Consider Asare and Diaz. As a homeowner, Asare benefits from tax breaks that Diaz does not, the biggest being the mortgage-interest deduction — or MID, in wonk-speak. All homeowners in America may deduct mortgage interest on their first and second homes. In 2015, Asare and Jean-Charles claimed $21,686 in home interest and other real estate deductions, which saved them $470 a month. That’s roughly 15 percent of Diaz’s monthly income. That same year, the federal government dedicated nearly $134 billion to homeowner subsidies. The MID accounted for the biggest chunk of the total, $71 billion, with real estate tax deductions, capital gains exclusions and other expenditures accounting for the rest.
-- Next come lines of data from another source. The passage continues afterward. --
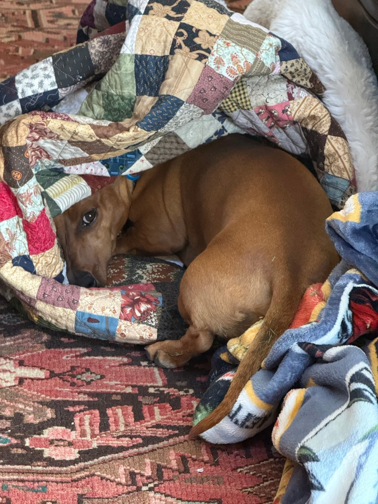 Grand dog Charlie loves quilts.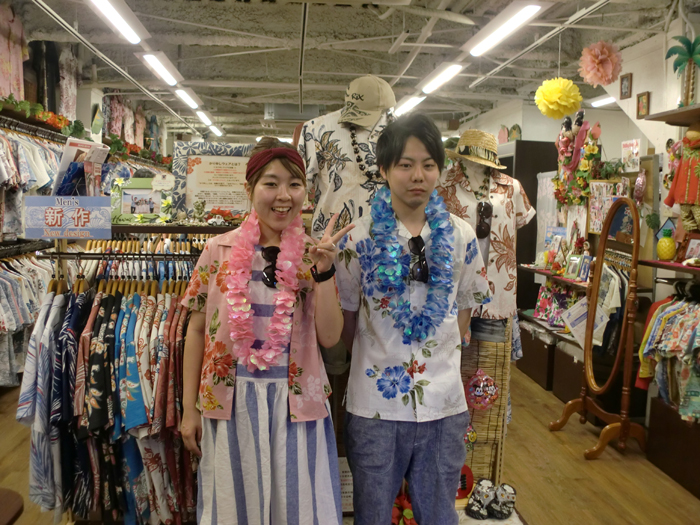 可愛らしいピンクカラーと、爽やかな白地にブルーのハイビスカスが華やかで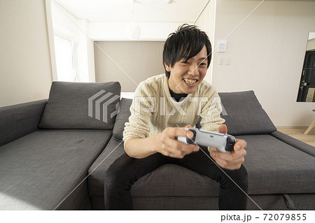 最新テレビゲーム機に夢中になる男性/プレステ/リビング

That number, $134 billion, was larger than the entire budgets of the Departments of Education, Justice and Energy combined for that year. It is a figure that exceeds half the entire gross domestic product of countries like Chile, New Zealand and Portugal.
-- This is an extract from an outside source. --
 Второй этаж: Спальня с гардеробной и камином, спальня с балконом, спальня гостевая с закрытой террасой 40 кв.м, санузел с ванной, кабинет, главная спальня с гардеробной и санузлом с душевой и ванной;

OSHEA SAYS: ‘‘Right now, we can’t even come up with $1,490 for our monthly rent. Every time our tax returns come through, we have to pay off the car, catch up on rent, buy food — by the time we’re done, there isn’t anything left to set aside. We talk about wanting to get our credit score recovered. Patricio was out of work for seven or eight months, and that ruined our credit. Outside of God providing a way, there really isn’t a way to get out of this situation. I don’t see it.’’
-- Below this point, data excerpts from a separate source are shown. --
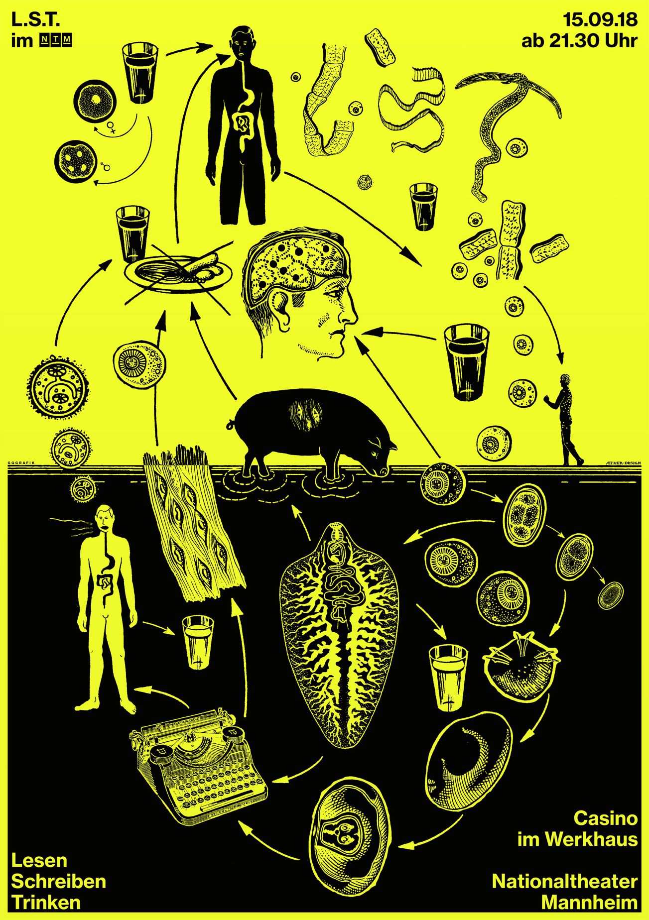 Poster for the L.S.T. (Lesen, Schreiben, Trinken) event at Nationaltheater Mannheim. Black print on fluorescent yellow paper.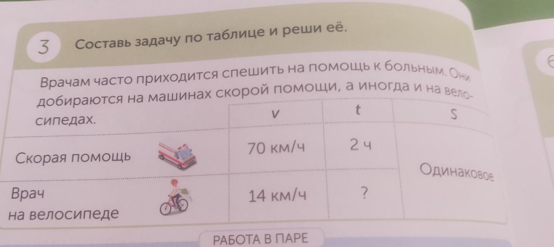 Урок 75 - Задана дие в противоположных направлениях Составь задачу по таблице и реши её Врачам часто приходится спешить на помощь к больным. Они добираются на машинах скорой помощи, а иногда и на вело- S сипедах 3 Скорая помощь Врач на велосипеде 70 км/ч 14 км/ч РАБОТА В ПАРЕ 24 7? Одинаковое жпжпж фото да урока час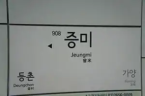 Jeungmi Station is a railway station on Line 9 of the Seoul Subway.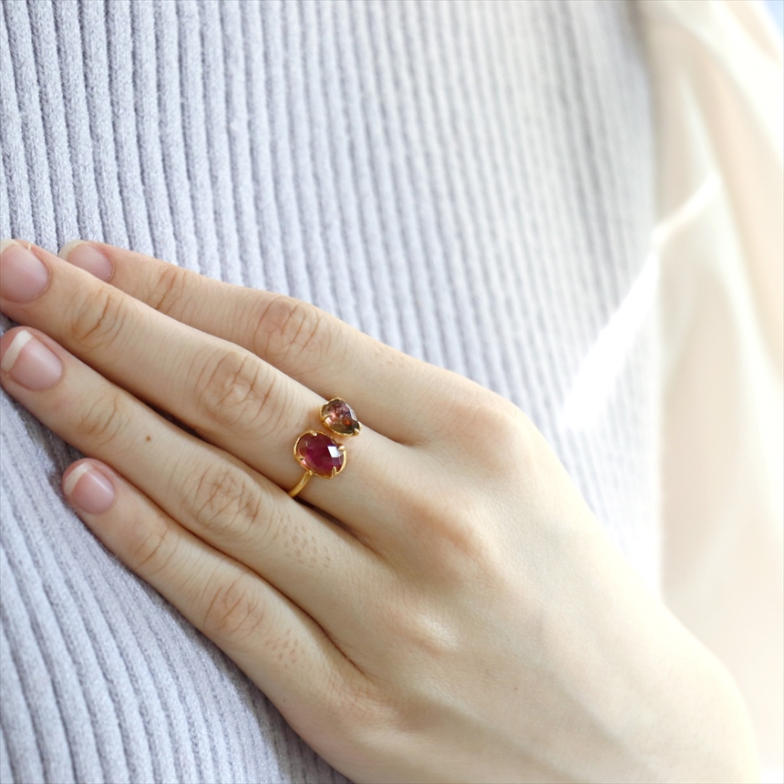トルマリン二粒リング 18KGF 天然石 バイカラーダブルストーン オープンリング

Recently, Gary Cohn, the chief economic adviser to President Trump, heralded his boss’s first tax plan as a “once-in-a-generation opportunity to do something really big.” And indeed, Trump’s plan represents a radical transformation in how we will fund the government, with its biggest winners being corporations and wealthy families. But no one in his administration, and only a small (albeit growing) group of people in either party, is pushing to reform what may very well be the most regressive piece of social policy in America. Perhaps that’s because the mortgage-interest deduction overwhelmingly benefits the sorts of upper-middle-class voters who make up the donor base of both parties and who generally fail to acknowledge themselves to be beneficiaries of federal largess. “Today, as in the past,” writes the historian Molly Michelmore in her book “Tax and Spend,” “most of the recipients of federal aid are not the suspect ‘welfare queens’ of the popular imagination but rather middle-class homeowners, salaried professionals and retirees.” A 15-story public housing tower and a mortgaged suburban home are both government-subsidized, but only one looks (and feels) that way. It is only by recognizing this fact that we can begin to understand why there is so much poverty in the United States today.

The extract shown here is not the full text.